Second, you really think scouts needed Fred Wilpon to tell them Carlos Beltran isn’t the same player anymore? Maybe Beltran’s knees being such a problem that he couldn’t play center field regularly and that he had to move to right field to even play everyday wasn’t the first indicator to them? Or that Beltran doesn’t steal bases anymore? Or that he has limited power from the left side of the plate because of the same balky knee? You’re right, Buster Olney. It was Wilpon’s comments, NOT ANYTHING ELSE THAT IS GOING ON WITH CARLOS BELTRAN, that ruined his trade value to other teams. You’ve got to be kidding me.

Lastly, Wilpon made the assertion that quite honestly, his team isn’t very good. The media jumped all over this and said “what is he doing???? They’re having enough trouble bringing fans to the park already! Now he’s saying they suck? NOBODY WILL COME NOW!”

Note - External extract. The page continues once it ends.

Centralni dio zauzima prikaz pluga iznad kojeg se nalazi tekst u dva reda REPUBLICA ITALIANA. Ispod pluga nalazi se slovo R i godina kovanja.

Earth to the media: Mets fans aren’t stupid. We stopped coming to the park because, you know, we realized this team isn’t that great before you did apparently. Look, with Wright, Ike Davis and Johan Santana out currently, Chris Young lost for the season and Jason Bay wishing he was back in Pittsburgh, it doesn’t take a Harvard graduate to tell me the Mets aren’t that great. They spent $5 million in free agency last year on players that were low-risk, high-reward. This was clearly going to be a rebuilding year. After tonight’s loss to the Phillies, the Mets sit at 23-27. That doesn’t eliminate them from playoff contention, but its also not exactly encouraging.

The starting rotation has been downright awful to start this season. Mike Pelfrey has seemingly regressed, Jon Niese hasn’t gotten it completely together yet either, R.A. Dickey is no longer fooling hitters with his knuckleball, Chris Young is out for the year, and Chris Capuano is, well, he’s Chris Capuano. Dillon Gee has been a nice addition from the Mets minor leagues (especially since he is the second coming of one of my favorite Mets pitchers, Rick Reed, even wears his #35). If you don’t have starting pitching, which the Mets don’t, you’re not going to win. Regardless of how good your line-up is or how deep your bullpen is. The Mets have a good line-up. Not great, but good. They have a deep bullpen. But, zero starting pitching.

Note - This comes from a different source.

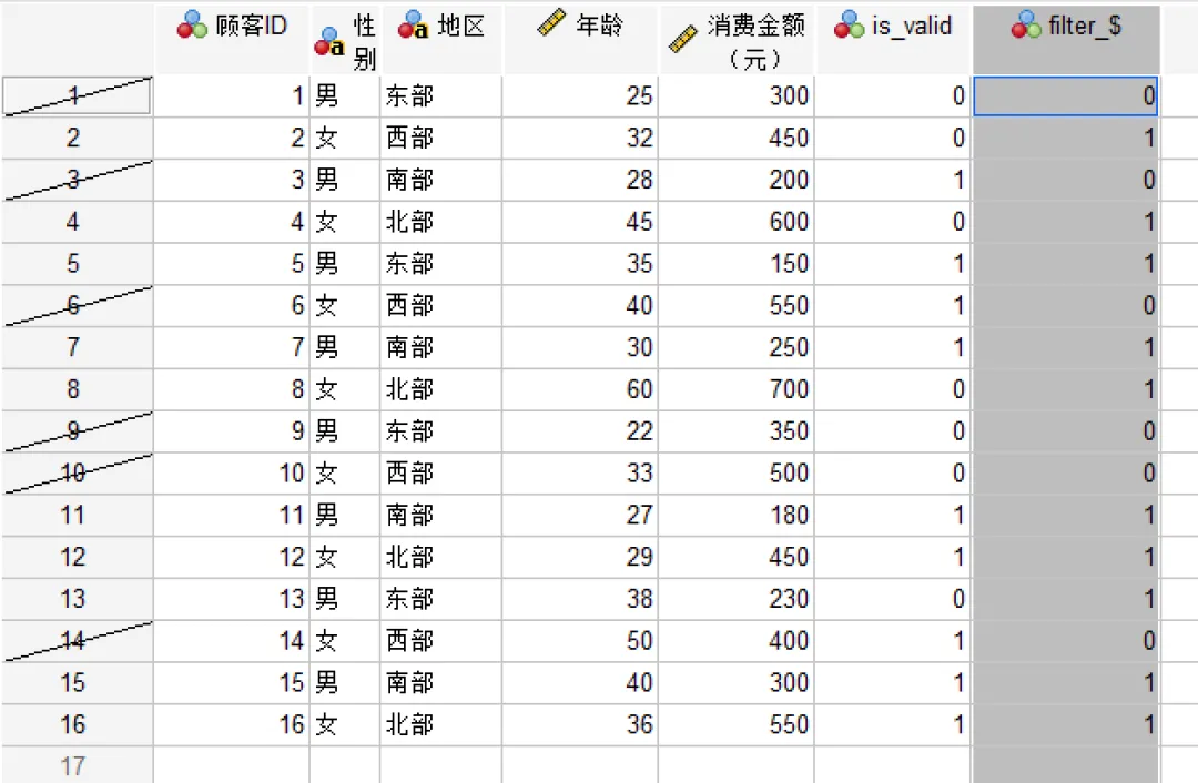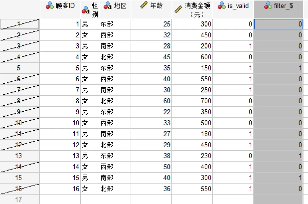 过滤掉未选定的个案:SPSS会保留所有原始数据,但通过一个名为「filter_$」的新变量(值为1表示选中,0表示未选中)来“隐藏”未选中的个案。后续的所有分析(如描述统计、回归、图表等)仅基于被选中的个案,但原始数据完整保留。该方式为默认选项,也是最推荐的做法。 将选定个案复制到新数据集:选中的个案被复制到一个新数据集中,而原始数据集保持不变。 删除未选定的个案:从数据集中删除未被选中的个案,只保留筛选后的数据。需要注意的是,该操作不可逆,一旦执行且未保存原始文件,原始数据将无法恢复。

At the end of the day, Fred Wilpon is a Mets fan like all of us. And, as one of the biggest Mets fans, let me tell you what I see from this team:

I see Carlos Beltran as a trade chip that will get something in return. I see Jason Bay as being two weeks away from leaving the doghouse and entering the Oliver Perez/Luis Castillo abandon highway ditch. I see winning pieces in Dillon Gee, Ike Davis and Justin Turner that will serve a purpose on this team for years to come. I see Jon Niese needing to develop his game a little further and the need for Mike Pelfrey to get out of his own head. I see a need for the Mets to re-sign Jose Reyes and to protect David Wright in the line-up. I also see a lot of talent coming up through the Mets minor leagues that people aren’t giving them credit for. And I also see a realistic owner who is finally on the same page as Mets fans, regardless of what the media says.

The late George Steinbrenner once called Dave Winfield, a HALL OF FAME outfielder, Mr. May because he felt that he wasn’t clutch down the stretch of the season. Fred Wilpon calls Carlos Beltran a good player that isn’t what he used to be and all of a sudden he’s the devil.

Oh, but he did say Ike Davis is a good hitter. So there’s that.

Back off my Mets, media. You’re starting to look like Phillies fans.

Greg Kaplan is a writer and co-founder of Home Field Advantage


About Home Field Advantage
We are two senior Sports Communication majors at Marist College in Poughkeepsie, New York. We have launched this blog as part of our senior year capping project, with the goal of creating a comparative analysis and multimedia approach to the differing sports cultures in America.

3 Responses to Fred Wilpon was Right

  1. Will says:

    I agree that most of Wilpon’s comments were correct (aside from David Wright not being a superstar), but the point wasnt the accuracy of the statements but the pertinence of saying them.

    Essentially he said that he doesn’t value the product that he is selling his customers. In no market is that a good business move. From the guy selling fruit in a cart, to a car dealer, to a baseball owner who is trying to turn his franchise around, it’s bad business.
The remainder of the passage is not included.